Thursday, 18 December 2014
Jessica D Lundquist1, Nicholas E Wayand1, Adam Massmann1, Martyn P Clark2, Fred Lott3 and Nicoleta C Cristea1, (1)University of Washington, Seattle, WA, United States, (2)NCAR, Boulder, CO, United States, (3)King County Environmental Lab, Seattle, WA, United States
Measurements and modeling have gone hand-in-hand since hydrology began as a science. In most early work, the same person took the measurements and developed the model, and iterated between them until all information collectively made sense. Over time, research has become more specialized, and now many people use a model developed by someone else, compare model simulations to data collected by another someone else, pronounce success and proceed with research if the two match, and face a black hole of uncertainty if they don’t match. In many cases, the model is calibrated to achieve a match. In perhaps many more cases, the work is shelved; the apparent failure swept under the rug.

We present two case studies of apparent modeling failure, wherein all efforts at model calibration failed, where traditional data quality-control measures detected no problems, and where only extreme stubbornness and repetitive iteration between modeling and observations led to discovery of the root of the problem. These two cases are by no means a complete sampling of data disasters that have occurred, or that may occur in the future, and are probably more likely to be outliers that will [hopefully] never occur again. The point is to exemplify that such odd cases do occur, and that while the specific-oddity varies widely, odd cases are likely much more common than we are aware of.

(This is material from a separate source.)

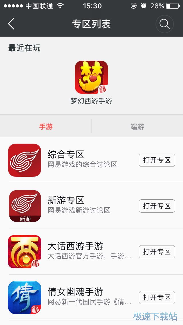 资料填写完毕后我们可以点击左下角的专区图标来进入游戏专区中,此时如果我们进行了登陆的话我们就可以在专区的上方查看到我们近期游玩过的游戏,而在下方滑动则可以浏览更多的游戏专区,左右滑动则可以选择网易的手游或者是端游专区,点击我们需要进入的专区则可以进入到该专区的首页中。

To quote from Arthur Conan Doyle’s Sherlock Holmes: “when you have eliminated the impossible, whatever remains, however improbable, must be the truth.”

The first case presents an issue with the water balance in the snow-fed Tuolumne River, Sierra Nevada, California, combined with modeling using the Distributed Hydrology Soil Vegetation Model (DHSVM, Wigmosta et al. 1994), and the second case presents an issue with the energy balance at Snoqualmie Pass, Washington, combined with modeling using the Structure for Understanding Multiple Modeling Alternatives (SUMMA, Clark et al., submitted). The figure presents the fundamental problems: In the Tuolumne (case 1), streamflow in one year was off by a factor of two; at Snoqualmie (case 2), nighttime surface temperatures were biased by about 10°C. The reasons for and solutions to these problems will be presented, and they’re not what you might guess first.